- Brief: All pictures must be left out as you transcribe the lines from the first line of the data to the line containing "(写真10) 金属地剥き出し", both included.

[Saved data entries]
* * * * * * * * *

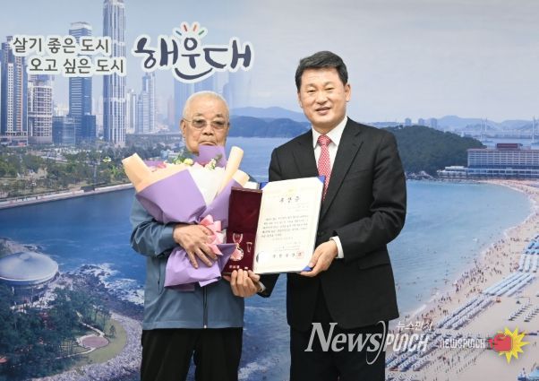 뉴스펀치 김윤걸 기자 | 해운대구는 지난 31일, 6·25전쟁에 참전해 공을 세운 故 정봉술 참전용사와 故 김해곤 참전용사의 유족에게 국방부 장관을 대신해 화랑무공훈장을 전수했다고 밝혔다.
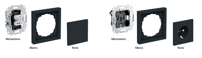 La instalación es muy sencilla: primero se elige el mecanismo según la función eléctrica que se necesite (por ejemplo, interruptor simple o doble, conmutador, enchufe, etc.). Después, se selecciona la tecla o tapa correspondiente, y finalmente se añade el marco embellecedor.
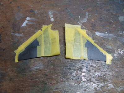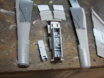 (写真10) 金属地剥き出しじゃない部分を塗るためにマスキング。流石にファインも水平尾翼をバラバラにはしなかった。まぁその方が正解だよ。色別に木っ端微塵になった尾翼なんて正直組みたくないもんね。
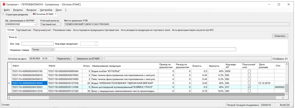 Остаток в торговом зале определяется по колонке «Итого» таблицы остатков ЕГАИС в торговом зале (Остаток – Расход по документам + приход по документам).
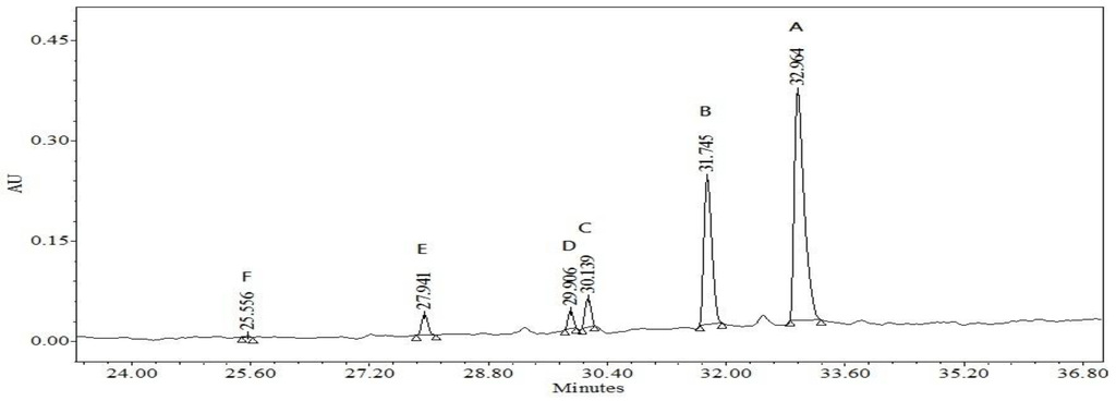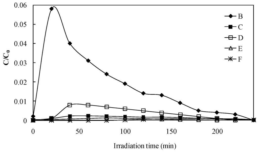 N-de-methylated products obtained from the photodegradation of the AO dye as a function of the irradiation time. Curves B–F correspond to the peaks B–F in
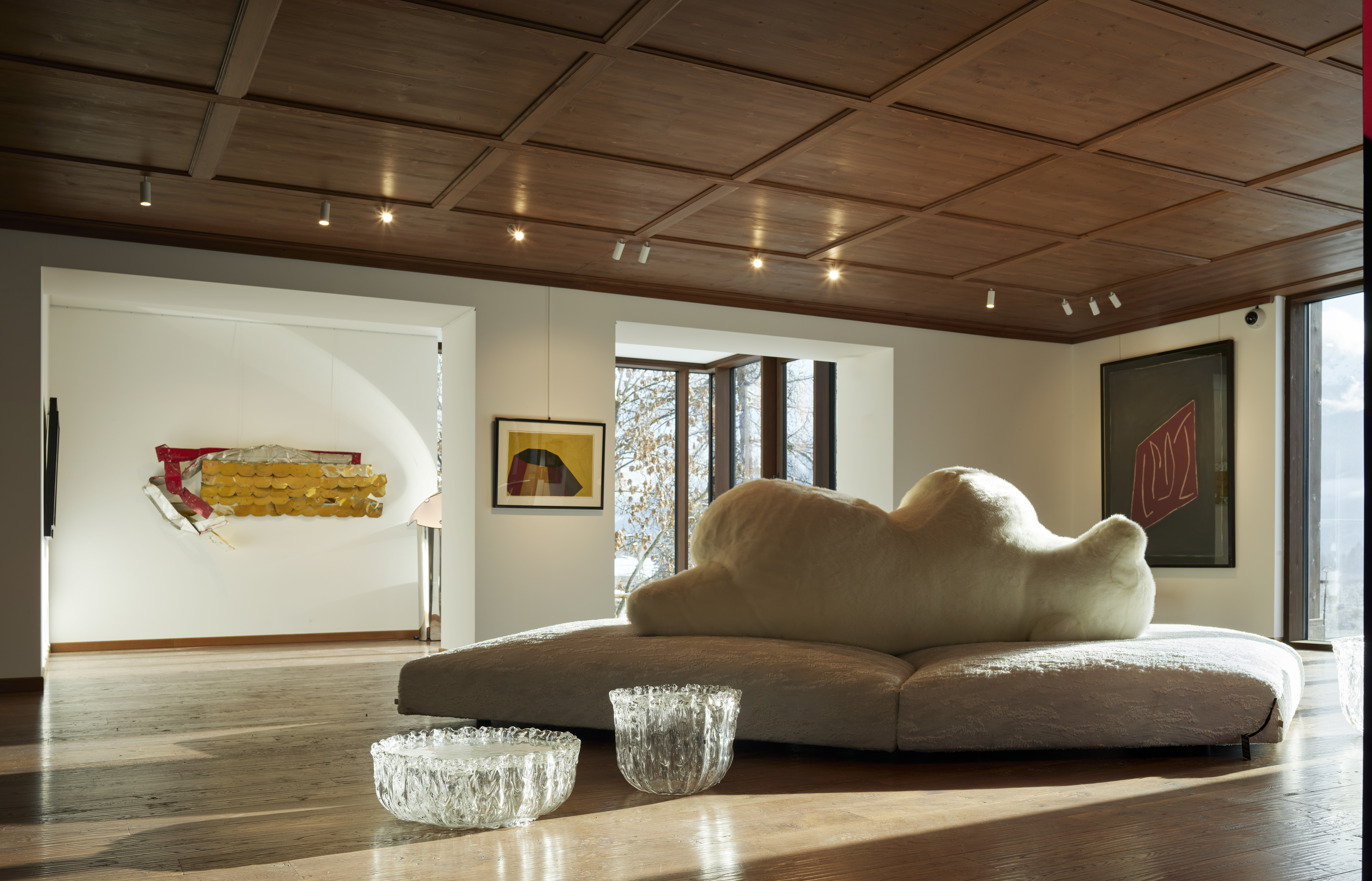 面對前身為纜車站的工業張力,Edra 以 Pack 北極熊沙發的有機造型對抗建築幾何感。這座如冰山般龐大柔軟的物件,成功平衡了結構冷硬,將場域違和轉化為感官緩衝的出口,成為與多洛米蒂山脈共生的視覺座標,在陳設中展現對 MUSA 靈感的深度實踐。
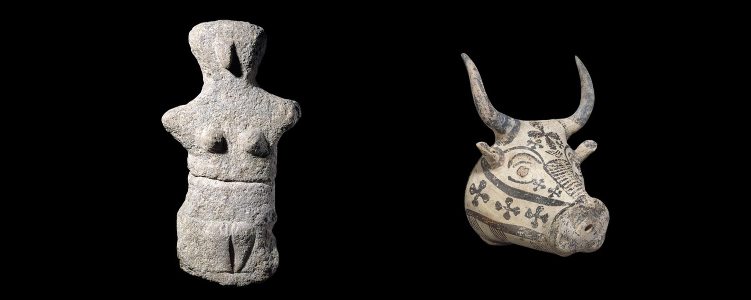 Ritual sprinklers or libation (liquid offering) vessels were frequently made in the shape of animals heads with small holes in the mouth to allow the liquid to escape. The bull’s head is the most popular form. Bull-head rhyta are also known in other materials, most famously the one carved from serpentine from the Little Palace at Knossos and the example in silver from Shaft Grave IV at Mycenae, both of which had gilded horns.
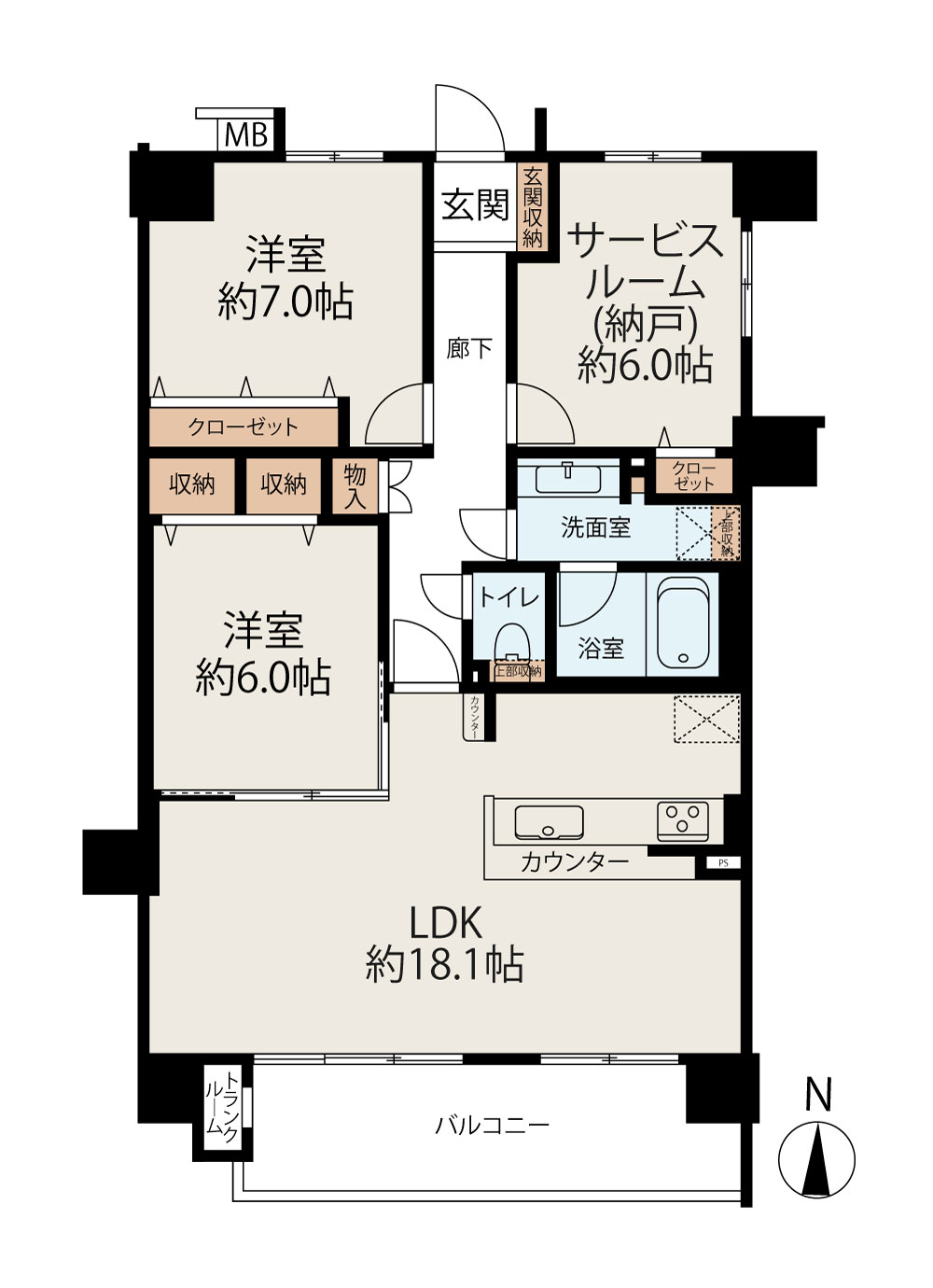 冷房、フローリング、バルコニー、バリアフリー、照明器具付き、ワイドバルコニー、南面バルコニー、断熱窓(複層ガラス、内窓等)、全室フローリング

* * * * * * * * *

- Response area:
 뉴스펀치 김윤걸 기자 | 해운대구는 지난 31일, 6·25전쟁에 참전해 공을 세운 故 정봉술 참전용사와 故 김해곤 참전용사의 유족에게 국방부 장관을 대신해 화랑무공훈장을 전수했다고 밝혔다.
 La instalación es muy sencilla: primero se elige el mecanismo según la función eléctrica que se necesite (por ejemplo, interruptor simple o doble, conmutador, enchufe, etc.). Después, se selecciona la tecla o tapa correspondiente, y finalmente se añade el marco embellecedor.
 (写真10) 金属地剥き出しじゃない部分を塗るためにマスキング。流石にファインも水平尾翼をバラバラにはしなかった。まぁその方が正解だよ。色別に木っ端微塵になった尾翼なんて正直組みたくないもんね。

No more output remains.